Atlanta Technical College
- Former names: Smith-Hughes Vocational School, Hoke Smith Technical Institute, Atlanta Area Technical School, Atlanta Technical Institute
- Type: Public Community Technical College
- Established: 1967
- President: Dr. Victoria Seals
- Students: 4,498 (fall 2024)
- Location: Atlanta, Georgia, United States 33°42′42.78″N 84°24′26.24″W﻿ / ﻿33.7118833°N 84.4072889°W
- Campus: Urban;
- Colors: Navy and Gold
- Website: atlantatech.edu

= Atlanta Technical College =

Technical college in Atlanta, Georgia, U.S.

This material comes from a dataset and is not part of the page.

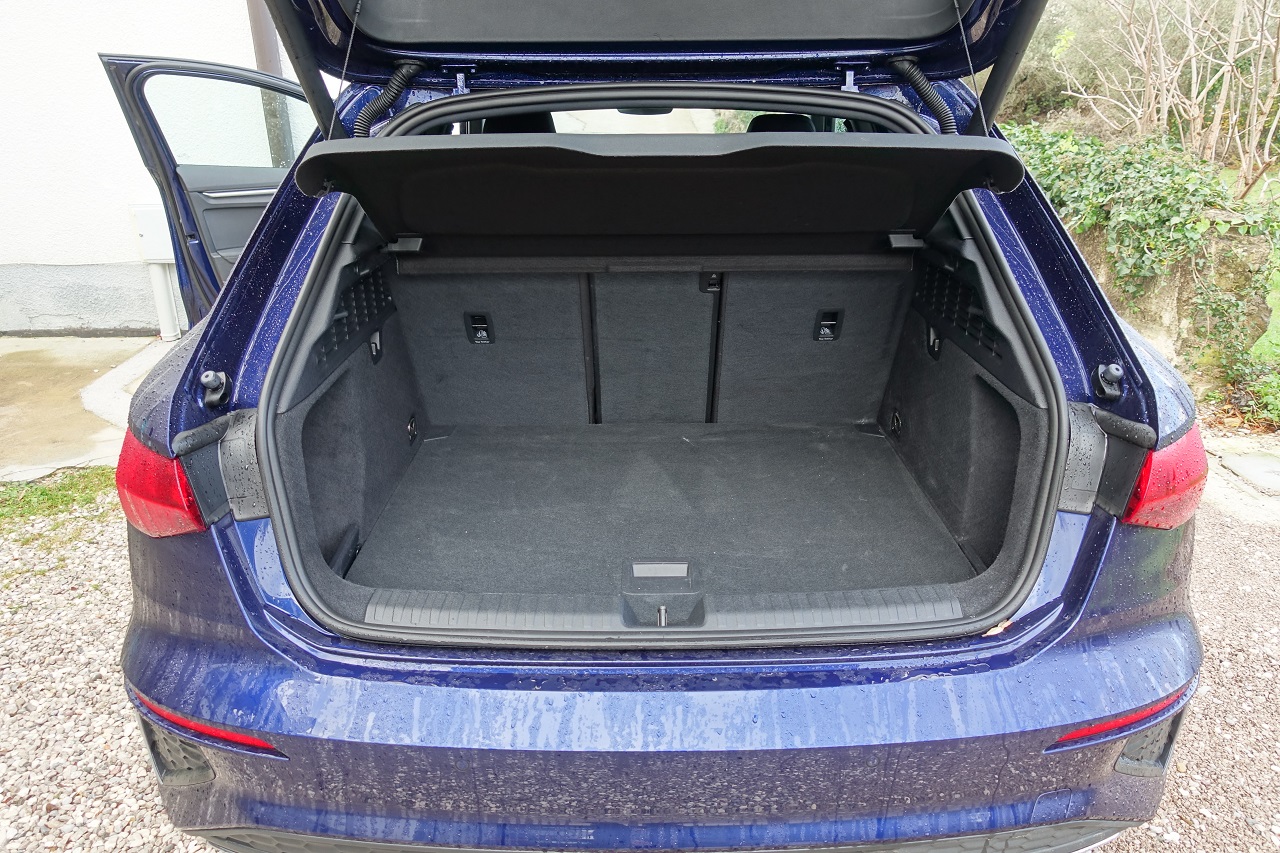 Prtljažnik osnovnih 380 litrov se lahko preko podrtih zadnjih sedežev poveča do 1200 litrov. Prtljažno dno se po potrebi lahko uporablja na različnih višinah, s praktičnim električnim odpiranjem in zapiranjem pokrova prtljažnika v dodatni opremi, tko kot 18-palčna platišča s pet-krakim dinamičnim dizajnom, zunanja ogledala električno nastavljiva, ogrevana in preklopna. Novost predstavljajo tudi digitalne dnevne luči matričnih LED žarometov, sestavljene iz točkovnega polja z značilno svetlobno grafiko, po kateri je A3 tudi prepoznaven.

Atlanta Technical College (Atlanta Tech or ATC) is a public technical college in Atlanta, Georgia. It is part of the Technical College System of Georgia (TCSG) and provides education services for Fulton and Clayton counties. Atlanta Tech is accredited by the Southern Association of Colleges and Schools as well as, for specific programs, other organizations such as Automotive Service Excellence (ASE) Education Foundation, the American Culinary Federation, the Commission on Accreditation for Health Informatics and Information Management Education, the Commission on Accreditation of Allied Health Education Programs (CAAHEP), the American Society of Health-Systems Pharmacists, the Commission on Accreditation in Physical Therapy Education, the Joint Review Committee on Education in Radiologic Technology, and the American Bar Association (ABA). It previously was accredited by the Commission of the Council of Occupational Education. The school awards associate degrees, diplomas, and technical certificates of credit, and it offers short term continuing education courses.

==History==
Atlanta Technical College was originally established in 1945 after World War II as an adult vocational school, Smith-Hughes Vocational School. In 1964, the school's location was moved to Smith High School (now closed), and the school was renamed to Hoke Smith Technical Institute. At that time, about 24 occupational programs were offered.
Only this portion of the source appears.